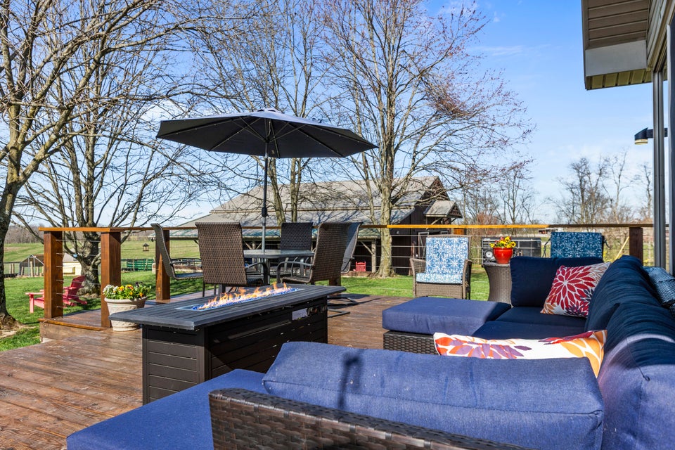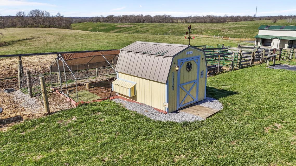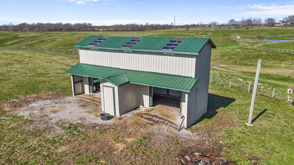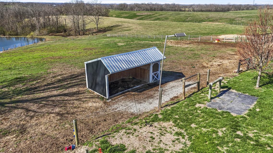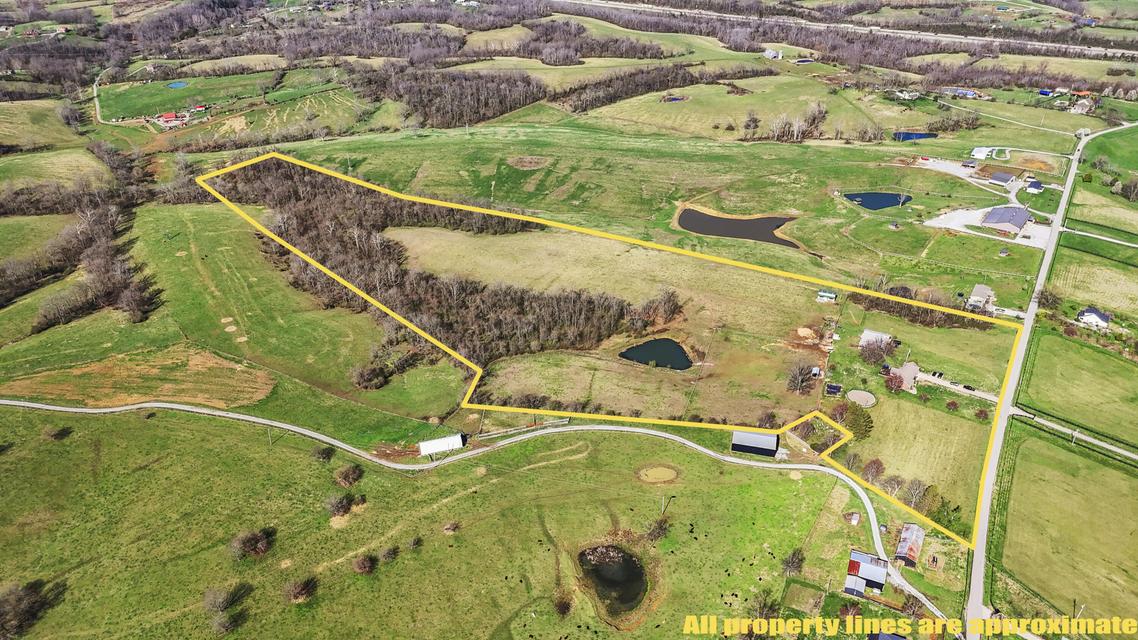 Experience the best of Kentucky living on this beautifully updated 32/- acre farm, perfect for horses, recreation, or hobby farming! This beautiful property features 12 acres of fenced pastures with horse-safe Finishline wire-free fencing, three pastures with automatic waterers (2024), 16 acres of wooded acreage rich with wildlife and morel mushrooms, and a stocked pond with bluegill, bass, and catfish. Farm improvements include a 30x50 barn with loft, electric and water, an additional animal shelter with hay loft and elevator, chicken coop with automatic door, run-in shed with tack room, round pen, reseeded pastures (2025), and a large organic garden. The modern home offers a fully remodeled kitchen (2025) with quartz countertops, large island, pull-out cabinetry, pot filler, LED lighting, and new appliances, plus engineered hardwood flooring, geothermal HVAC, updated bathrooms, laundry, sunroom, and a spacious Amish-built deck (2019). Enjoy a separate dining room, first-floor bedrooms, and a flowing living/dining area. The main bathroom boasts a walk-in shower with a luxury Grohe system and tiled flooring, while hardwood floors throughout the main living spaces add warmth. The attached two-car garage includes a durable epoxy floor. Conveniently located 4.5 miles from I-64, 10 minutes to shopping, and 30 minutes to Lexington--this property offers the rare combination of modern comfort, functional farm amenities, and serene country living, making it a true Kentucky dream home!
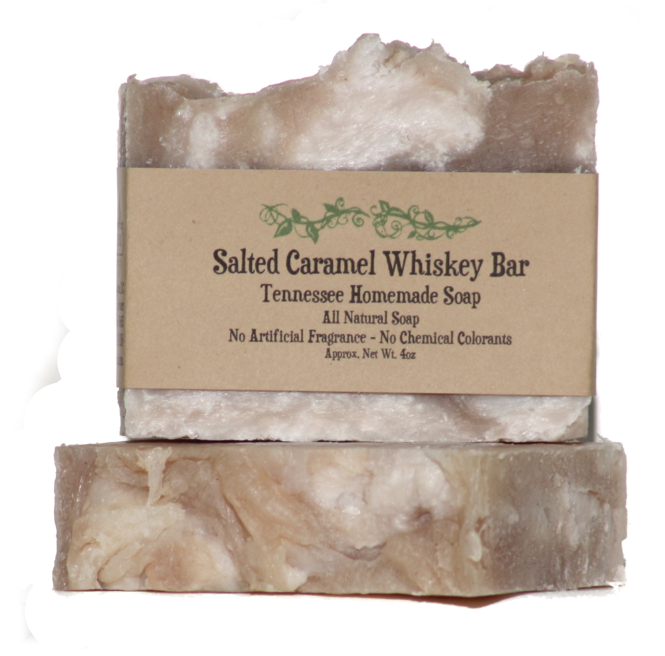 Saponified Soap Oils, Sea Salt, Andiroba Oil, Organic Coconut Oil, Mango Butter, Tennessee Legend Distillery Salted Caramel Whiskey, Unrefined Shea Butter, Calendula Powder, Slippery Elm Bark Powder, Natural Fragrance, Local Raw Honey, Vegetable Glycerin, Vit E
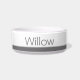 Un plat personnalisé dans les tons gris et blanc. Le nom de votre animal est placé dans une police gris moderne au-dessus d'une bordure de nuances de gris coordonnés.
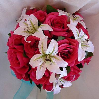 Букет, составленный с участием роз и лилий – это самое популярное сочетание, используемое на свадьбах. Они хорошо соответствуют друг другу: нежные, женственные, имеют множество расцветок и сортов.
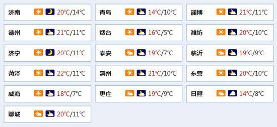 夜间最低气温:鲁西北的西部、鲁中和半岛内陆地区7℃左右,其他地区10℃左右。
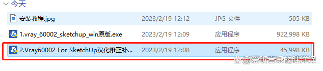 6、接下打开下载的激活程序,双击2.Vray60002 For SketchUp汉化修正补丁.exe打开,如果弹出警告对话框点击运行

........

### Work to complete:
Output the line that contains "Un plat personnalisé" and every line after it to the end of the records, word for word, leaving out the pictures.

### Response to this task:
 Un plat personnalisé dans les tons gris et blanc. Le nom de votre animal est placé dans une police gris moderne au-dessus d'une bordure de nuances de gris coordonnés.
 Букет, составленный с участием роз и лилий – это самое популярное сочетание, используемое на свадьбах. Они хорошо соответствуют друг другу: нежные, женственные, имеют множество расцветок и сортов.
 夜间最低气温:鲁西北的西部、鲁中和半岛内陆地区7℃左右,其他地区10℃左右。
 6、接下打开下载的激活程序,双击2.Vray60002 For SketchUp汉化修正补丁.exe打开,如果弹出警告对话框点击运行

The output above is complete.